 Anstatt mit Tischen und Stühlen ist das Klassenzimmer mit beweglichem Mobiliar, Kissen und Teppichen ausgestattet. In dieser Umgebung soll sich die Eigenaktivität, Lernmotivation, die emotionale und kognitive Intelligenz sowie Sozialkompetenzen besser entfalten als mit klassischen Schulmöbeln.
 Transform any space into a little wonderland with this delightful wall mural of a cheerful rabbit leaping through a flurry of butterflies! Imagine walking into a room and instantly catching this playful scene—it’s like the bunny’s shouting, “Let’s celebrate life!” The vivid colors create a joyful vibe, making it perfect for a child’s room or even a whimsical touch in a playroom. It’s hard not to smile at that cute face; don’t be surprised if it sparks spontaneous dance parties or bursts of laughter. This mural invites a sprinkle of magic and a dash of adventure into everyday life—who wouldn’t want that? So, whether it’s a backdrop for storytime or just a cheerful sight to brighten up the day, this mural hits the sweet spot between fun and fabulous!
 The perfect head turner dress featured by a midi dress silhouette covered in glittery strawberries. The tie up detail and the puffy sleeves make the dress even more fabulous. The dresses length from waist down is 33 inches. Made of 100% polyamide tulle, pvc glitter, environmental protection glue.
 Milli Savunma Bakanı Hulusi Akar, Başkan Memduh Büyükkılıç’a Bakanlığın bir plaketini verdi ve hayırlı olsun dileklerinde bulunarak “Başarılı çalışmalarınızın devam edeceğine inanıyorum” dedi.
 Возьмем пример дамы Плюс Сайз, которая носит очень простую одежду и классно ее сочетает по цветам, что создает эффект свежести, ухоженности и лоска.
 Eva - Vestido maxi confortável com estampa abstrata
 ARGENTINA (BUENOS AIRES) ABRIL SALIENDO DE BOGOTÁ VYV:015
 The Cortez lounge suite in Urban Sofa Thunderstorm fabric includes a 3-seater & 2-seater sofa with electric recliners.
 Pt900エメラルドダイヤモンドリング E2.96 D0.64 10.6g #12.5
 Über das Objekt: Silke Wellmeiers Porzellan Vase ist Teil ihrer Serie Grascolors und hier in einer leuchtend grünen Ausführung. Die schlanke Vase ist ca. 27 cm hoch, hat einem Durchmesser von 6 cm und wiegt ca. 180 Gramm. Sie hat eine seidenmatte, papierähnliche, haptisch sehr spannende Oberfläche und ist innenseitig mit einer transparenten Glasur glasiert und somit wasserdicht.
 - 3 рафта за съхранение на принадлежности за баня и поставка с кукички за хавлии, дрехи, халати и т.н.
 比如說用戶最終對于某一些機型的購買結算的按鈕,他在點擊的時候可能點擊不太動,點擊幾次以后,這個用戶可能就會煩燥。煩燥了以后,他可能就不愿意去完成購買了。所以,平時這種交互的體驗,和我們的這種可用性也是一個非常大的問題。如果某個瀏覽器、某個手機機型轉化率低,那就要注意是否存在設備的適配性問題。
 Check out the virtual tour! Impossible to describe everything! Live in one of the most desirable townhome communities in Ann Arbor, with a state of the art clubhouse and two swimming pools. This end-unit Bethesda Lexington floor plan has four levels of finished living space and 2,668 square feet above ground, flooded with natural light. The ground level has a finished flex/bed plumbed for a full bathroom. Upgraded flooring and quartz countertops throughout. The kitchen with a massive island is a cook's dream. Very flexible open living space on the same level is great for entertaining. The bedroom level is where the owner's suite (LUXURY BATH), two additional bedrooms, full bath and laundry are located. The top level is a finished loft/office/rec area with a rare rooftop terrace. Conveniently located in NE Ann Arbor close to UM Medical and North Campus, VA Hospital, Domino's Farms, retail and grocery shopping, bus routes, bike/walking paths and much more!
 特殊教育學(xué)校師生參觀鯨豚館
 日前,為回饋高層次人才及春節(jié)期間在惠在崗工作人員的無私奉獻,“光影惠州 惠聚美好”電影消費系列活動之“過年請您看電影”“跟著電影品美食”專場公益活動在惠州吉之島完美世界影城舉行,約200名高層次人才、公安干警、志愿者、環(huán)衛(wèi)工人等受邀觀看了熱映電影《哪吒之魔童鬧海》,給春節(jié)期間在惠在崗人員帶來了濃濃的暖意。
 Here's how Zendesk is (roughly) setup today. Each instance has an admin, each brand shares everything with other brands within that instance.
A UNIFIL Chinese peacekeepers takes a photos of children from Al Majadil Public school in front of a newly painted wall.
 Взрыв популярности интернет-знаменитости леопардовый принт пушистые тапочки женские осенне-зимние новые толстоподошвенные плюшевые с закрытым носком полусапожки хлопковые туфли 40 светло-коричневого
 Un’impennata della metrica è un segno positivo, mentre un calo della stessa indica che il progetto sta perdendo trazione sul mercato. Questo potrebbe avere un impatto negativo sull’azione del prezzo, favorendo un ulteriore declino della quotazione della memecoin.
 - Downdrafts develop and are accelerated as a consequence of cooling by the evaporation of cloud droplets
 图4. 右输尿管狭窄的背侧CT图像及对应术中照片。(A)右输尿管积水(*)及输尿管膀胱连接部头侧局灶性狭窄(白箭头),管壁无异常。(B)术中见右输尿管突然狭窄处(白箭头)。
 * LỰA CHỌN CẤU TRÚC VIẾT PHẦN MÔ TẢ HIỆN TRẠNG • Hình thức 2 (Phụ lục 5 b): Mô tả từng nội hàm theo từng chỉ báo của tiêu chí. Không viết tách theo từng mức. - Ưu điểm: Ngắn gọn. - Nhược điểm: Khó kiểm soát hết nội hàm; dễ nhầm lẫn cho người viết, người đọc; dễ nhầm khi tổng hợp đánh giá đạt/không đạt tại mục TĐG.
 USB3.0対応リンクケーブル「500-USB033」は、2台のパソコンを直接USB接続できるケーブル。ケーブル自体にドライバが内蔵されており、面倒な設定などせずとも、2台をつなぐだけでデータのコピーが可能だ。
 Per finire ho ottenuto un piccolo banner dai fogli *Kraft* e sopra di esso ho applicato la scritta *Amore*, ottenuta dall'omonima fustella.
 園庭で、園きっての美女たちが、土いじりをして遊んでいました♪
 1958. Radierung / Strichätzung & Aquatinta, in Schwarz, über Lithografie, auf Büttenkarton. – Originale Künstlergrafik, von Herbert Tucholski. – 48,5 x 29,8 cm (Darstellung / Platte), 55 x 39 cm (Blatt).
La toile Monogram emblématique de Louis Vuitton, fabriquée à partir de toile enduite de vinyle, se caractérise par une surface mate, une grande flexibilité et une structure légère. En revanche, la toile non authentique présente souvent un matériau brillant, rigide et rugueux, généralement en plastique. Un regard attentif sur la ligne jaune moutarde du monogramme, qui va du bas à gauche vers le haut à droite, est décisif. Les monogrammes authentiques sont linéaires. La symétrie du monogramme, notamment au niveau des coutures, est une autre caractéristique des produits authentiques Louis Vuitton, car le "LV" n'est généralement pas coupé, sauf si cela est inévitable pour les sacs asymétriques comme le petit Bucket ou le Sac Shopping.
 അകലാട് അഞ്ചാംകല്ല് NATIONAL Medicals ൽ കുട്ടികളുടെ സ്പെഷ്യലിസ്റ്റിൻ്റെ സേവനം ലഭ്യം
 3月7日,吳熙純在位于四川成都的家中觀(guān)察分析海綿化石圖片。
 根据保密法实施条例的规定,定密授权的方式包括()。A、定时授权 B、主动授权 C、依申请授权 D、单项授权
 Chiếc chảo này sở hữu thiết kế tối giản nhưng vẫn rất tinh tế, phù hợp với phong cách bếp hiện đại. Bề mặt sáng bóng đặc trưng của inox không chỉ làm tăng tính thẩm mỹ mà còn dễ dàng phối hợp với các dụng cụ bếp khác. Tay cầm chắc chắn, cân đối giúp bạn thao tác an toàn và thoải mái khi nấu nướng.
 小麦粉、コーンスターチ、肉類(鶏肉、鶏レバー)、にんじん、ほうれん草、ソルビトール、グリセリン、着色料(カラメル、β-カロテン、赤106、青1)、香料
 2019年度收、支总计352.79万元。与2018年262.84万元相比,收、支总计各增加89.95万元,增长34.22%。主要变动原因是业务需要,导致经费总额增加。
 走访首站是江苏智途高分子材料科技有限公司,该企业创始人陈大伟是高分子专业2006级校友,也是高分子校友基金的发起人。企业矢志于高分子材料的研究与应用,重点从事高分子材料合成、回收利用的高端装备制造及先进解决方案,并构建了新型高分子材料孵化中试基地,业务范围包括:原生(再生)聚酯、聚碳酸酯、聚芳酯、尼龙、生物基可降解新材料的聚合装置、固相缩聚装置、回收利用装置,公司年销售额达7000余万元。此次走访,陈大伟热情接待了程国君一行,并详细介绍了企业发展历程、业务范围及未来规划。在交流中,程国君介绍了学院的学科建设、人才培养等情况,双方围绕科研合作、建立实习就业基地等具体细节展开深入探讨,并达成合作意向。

+++

- Try it
Reproduce word for word the material above, starting with the line that has "ARGENTINA (BUENOS AIRES)" and stopping after the line that has "Pt900エメラルドダイヤモンドリング E2.96 D0.64 10.6g #12.5".

- Completed task
 ARGENTINA (BUENOS AIRES) ABRIL SALIENDO DE BOGOTÁ VYV:015
 The Cortez lounge suite in Urban Sofa Thunderstorm fabric includes a 3-seater & 2-seater sofa with electric recliners.
 Pt900エメラルドダイヤモンドリング E2.96 D0.64 10.6g #12.5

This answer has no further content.